Step 1: Finding the relation of Acceleration using Universal law of gravitation

If we drop a body of mass $\text{'}m\text{'}$ from a distance say from the centre of the earth having mass $M,$ then the force exerted by the earth on body is given by

$F=G\times \frac{M\times m}{R^2}$ (by the universal law of gravitation) ……. (I)

We know that this force exerted by the earth will produce an acceleration in the stones because of which stone will fall downwards.

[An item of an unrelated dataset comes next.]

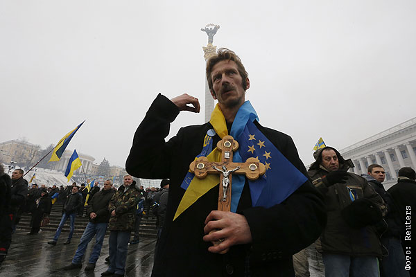 Участники акции в поддержку евроинтеграции Украины на площади Независимости.
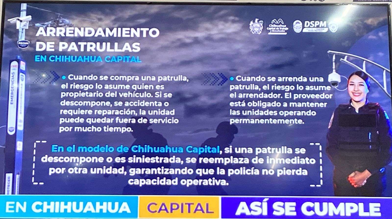 Además, señaló que cuando una patrulla se siniestra o se descompone la arrendadora la reemplaza inmediatamente, garantizando que no se pierda la capacidad operativa por parte de las autoridades.

Force $=$Mass$\times$Acceleration

$F=m\times a$

or Acceleration (of stone), $a=\frac{F}{m}$ ……. (ii)

From equation (i)

$\frac{F}{m}=\frac{G\times M}{R^2}$

$a=\frac{G\times M}{R^2}$ {putting $\frac{F}{m}=a$}

$a=\frac{G\times M}{R^2}$ …… (iii)

Step 2: Replacing $\text{'}a\text{'}$ by $\text{'}g\text{'}$

We know that acceleration produced by the earth is called as acceleration due to gravity and is denoted by $\text{'}g\text{'}.$Hence replacing $\text{'}a\text{'}$ by $\text{'}g\text{'}$ in eq (iii).

$g=\frac{G\times M}{R^2}$

where $G=$gravitational constants

$M=$mass of the earth

$R=$radius of the earth.

Step 3: Acceleration due to gravity

(i) $g=\frac{G\times M}{R^2}$

means $g$ directly proportional to the Mass of the planet. Hence, $\text{'}g\text{'}$ will increase as mass of a planet increases.

(ii) As acceleration due to gravity is given by

$g=\frac{G\times M}{R^2}$

means $g$ is inversely proportional is the square of the radius of the planet. Hence, the value $\text{'}g\text{'}$ decreases as the size of the planet increases.